If fluctuations in glucose levels tend to cause symptoms observed in ADHD, one would expect to see more problems in children who have type 1 diabetes, a disease characterized by impaired regulation of glucose that necessitates the use of insulin to lower glucose levels. Sure enough, there is a significantly increased rate of ADHD among children with diabetes (type 1) than children without diabetes.
There’s consistent evidence that sugar contributes to hyperactive behavior. In one study, 74% of children with hyperactivity were found to have impaired glucose tolerance.
Another way in which sugar and refined carbohydrates can influence ADHD symptoms is via magnesium. Sugar can cause magnesium deficiency, which can exacerbate hyperactivity.
Though parents of children with ADHD often report increased hyperactivity after consumption of sugar or sweeteners (as in diet soda), most studies have failed to demonstrate such a finding. However, sugar consumption increases adrenaline levels in healthy children and also increases aggressive behavior.
Do elimination diets help?
Research in the 1970’s by Feingold claimed improvement with a diet that eliminated apples, grapes, lunch meats, sausage, hot dogs, and artificial flavors and colors. It was noted that a subgroup of children reacted adversely to a challenge of additives and preservatives.
A diet eliminating common food allergens has also been shown to be beneficial. These allergens include wheat cereals, nuts, cheese, cow’s milk, egg, chocolate, and citrus fruits. This elimination diet showed reduction in hyperactivity in 82% of children, with return to normal behavior for 29%. Subsequent studies have shown mixed results, and the role of the elimination diet in ADHD remains unclear.
Role of the ketogenic diet
As of now, there has not been a study that directly studies the effect of a ketogenic diet on humans with ADHD. However, there are promising findings from other studies.
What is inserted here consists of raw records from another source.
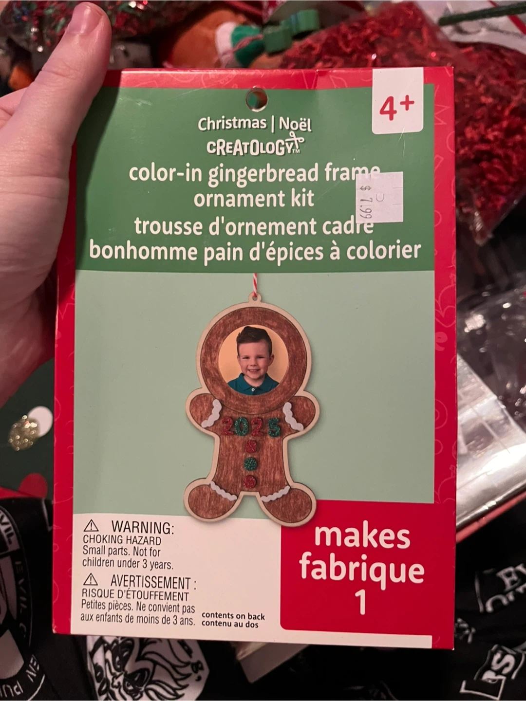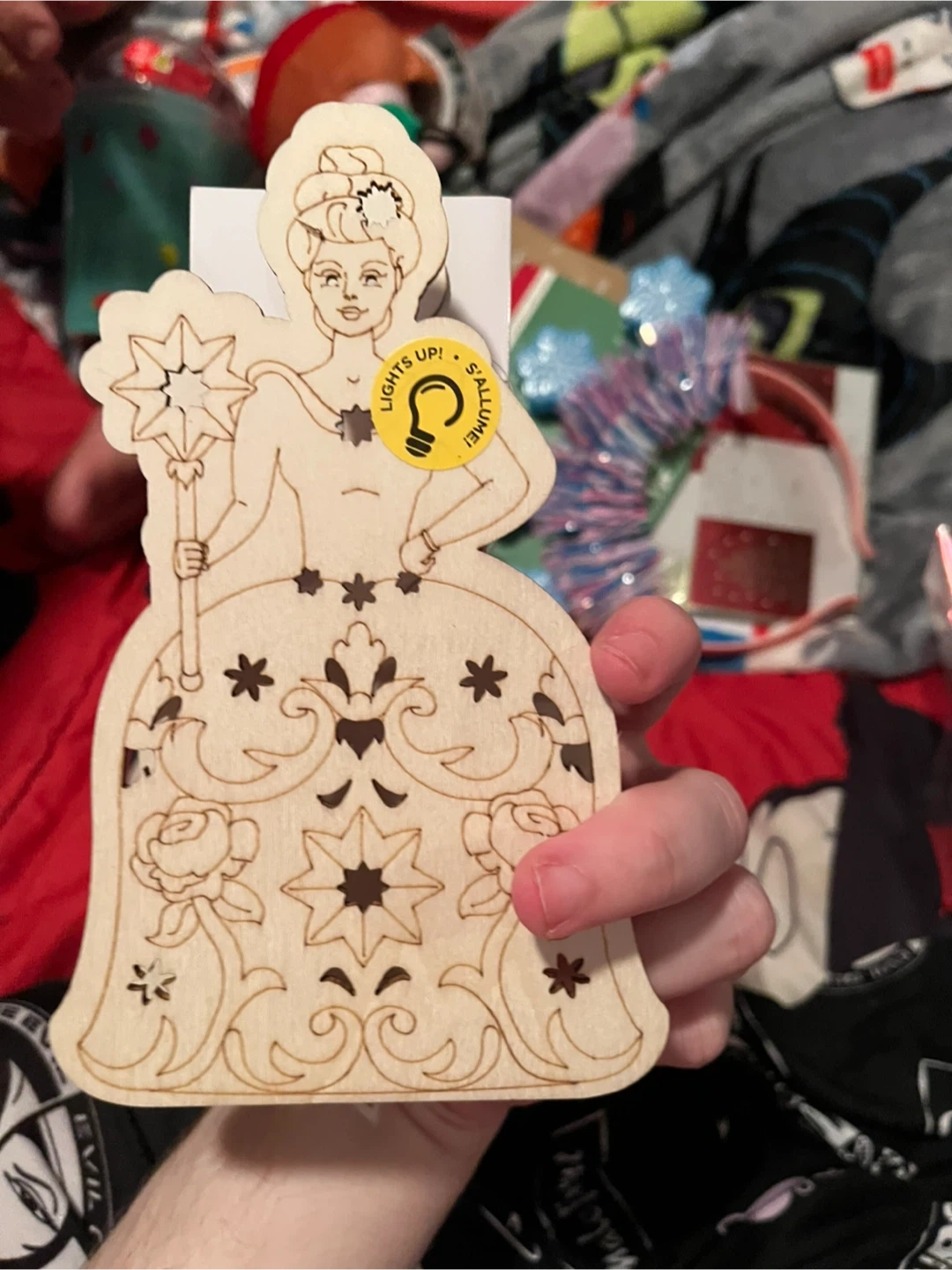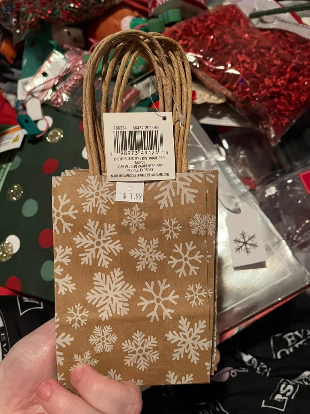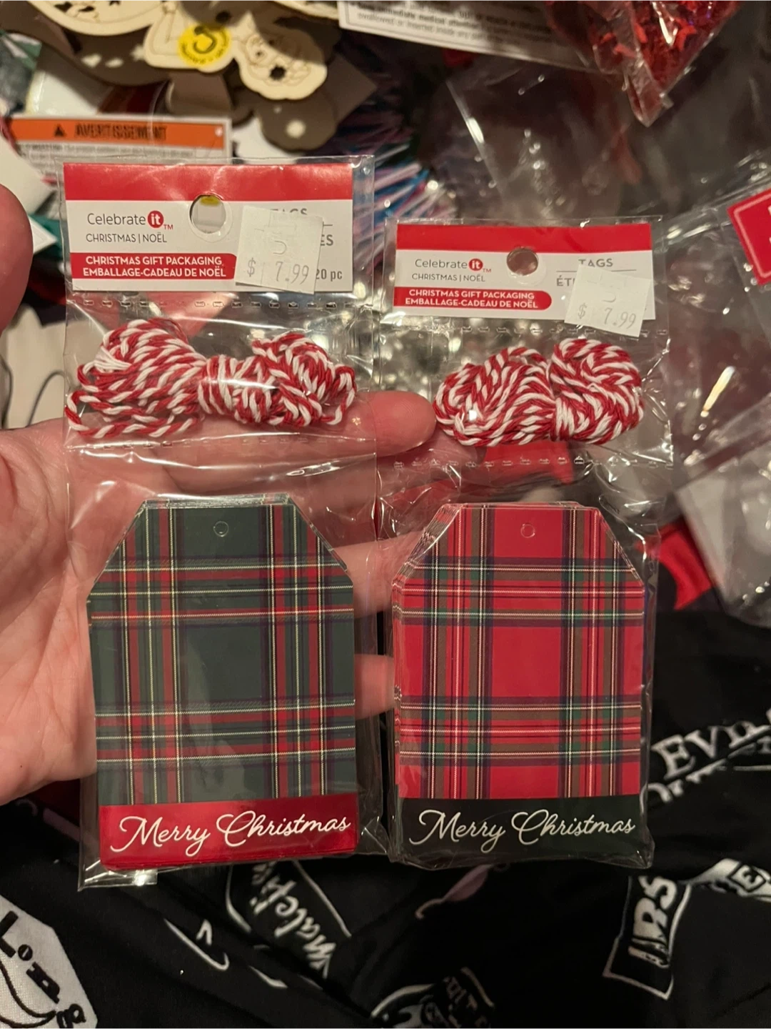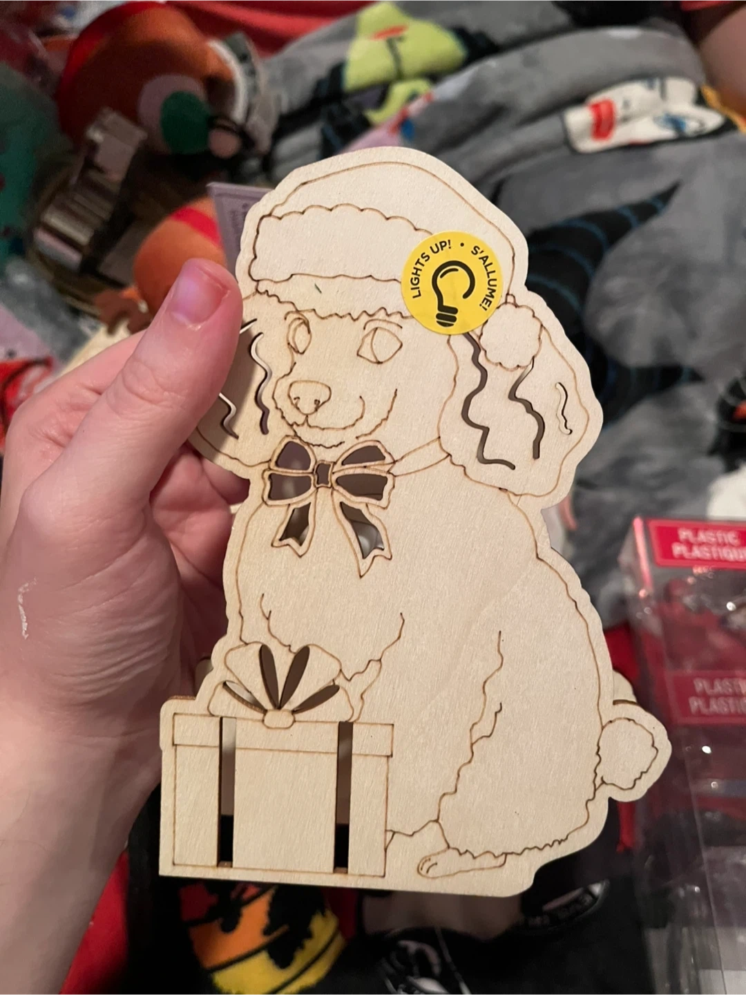 Bundle of festive Christmas decor. Includes a tube of assorted baubles, two "Light Up Necklace" sets, a brown ribbon with a white pattern, and two decorative bows (one red/white plaid, one with trees). Perfect for adding some holiday cheer to your home!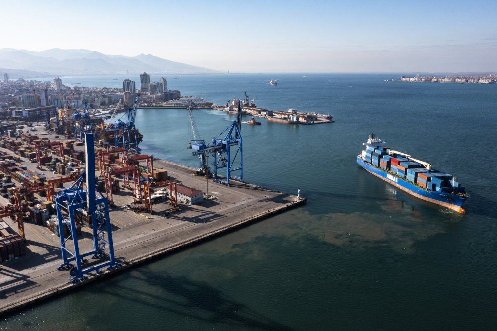 Ege Bölgesi'nin en büyük limanları arasında yer alan İzmir Limanı, konteyner başta olmak üzere genel kargo, dökme katı, dökme sıvı, RO-RO ve yolcu gemilerine hizmet veriyor. (AA)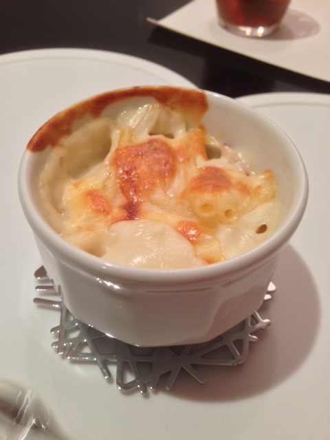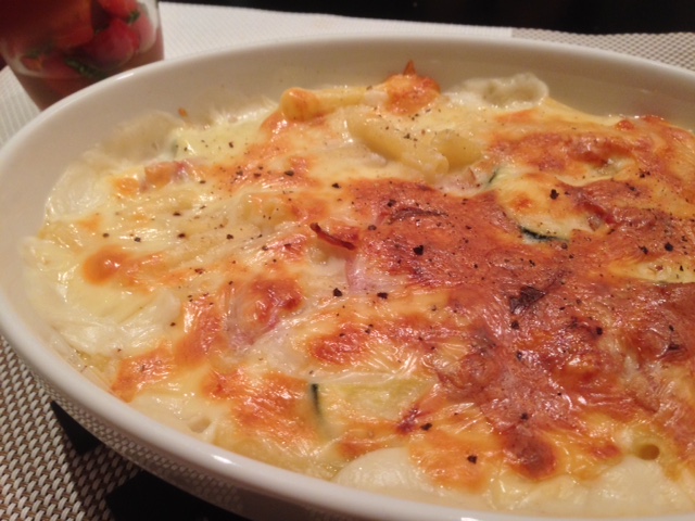 メインのグラタン。シンプルに、マカロニ、ベーコン、ズッキーニ。チーズの焦げ具合がヤバいemoji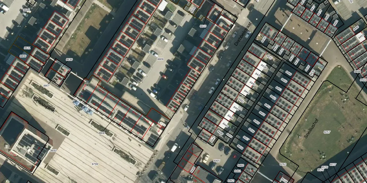 Het perceel waarop Drebbelstraat 36 staat heeft een oppervlakte van 3280 m². Dit is een zeer groot perceel. De perceeloppervlakte wordt geregistreerd door het Kadaster. Gedetailleerde informatie over de maten van dit perceel kunt u vinden in het rapport Kadastrale kaart met maatvoering van Drebbelstraat 36.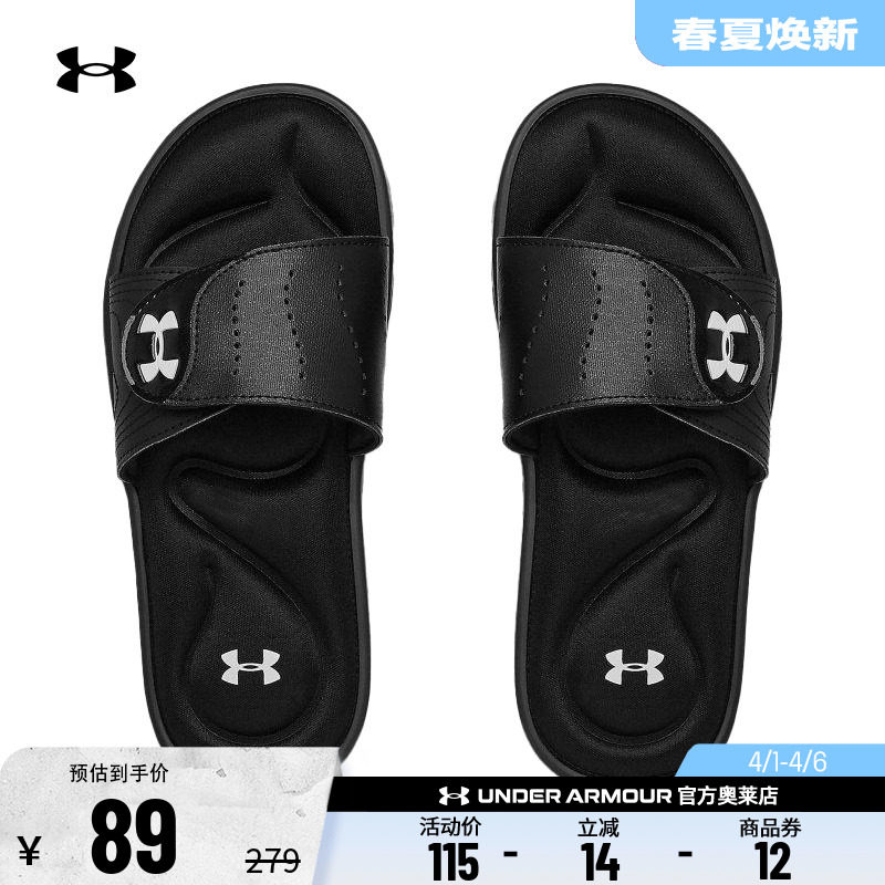 安德玛官方UA Ignite女子海绵鞋垫舒适魔术贴运动休闲拖鞋3022717

A study focused on using the ketogenic diet for reducing seizure frequency in children also demonstrated improvement in ADHD-like symptoms in children without a clinical diagnosis of ADHD. Specifically, they observed significant improvement in motor functioning, self-help skills, attention, and social skills, suggesting a potential role in alleviating these typical ADHD symptoms.
In animal models of ADHD, a ketogenic diet appears to reduce hyperactive behaviors. These studies must be interpreted with caution and cannot readily be applied to humans.
While these are promising results, further research is needed to evaluate the effects of a ketogenic diet approach in human subjects.
Strategies for ADHD
- Avoid sugar
- Avoid simple carbs
- Avoid artificial food coloring
- Avoid processed foods
- Do not use food as a distraction
- Do not use food as a reward or punishment
- “No” means no. Do not cave
- Make the healthy choice the easy choice. Reduce barriers – make healthy snacks more available
- Enforce family mealtime – establish routine, minimize distractions
- Consider elimination diet to identify food sensitivities
- Track response to questionable foods
- Aim for “slow-release” meal in AM for steady glucose throughout the day – e.g. low in carbohydrates, higher protein and fat
- Consume omega-3 fatty acids – oily fish, supplements, etc. (recommended 300-600 mg/day)
There are many research findings that suggest that metabolic health plays an important role in ADHD, both in causation as well as management. Unfortunately, we are lacking high-quality, repeatable studies to clearly delineate that relationship. Given what we know about the rest of brain health, however, it stands to reason that metabolic health should be addressed in the comprehensive management of individuals with ADHD, particularly in regards to nutrition.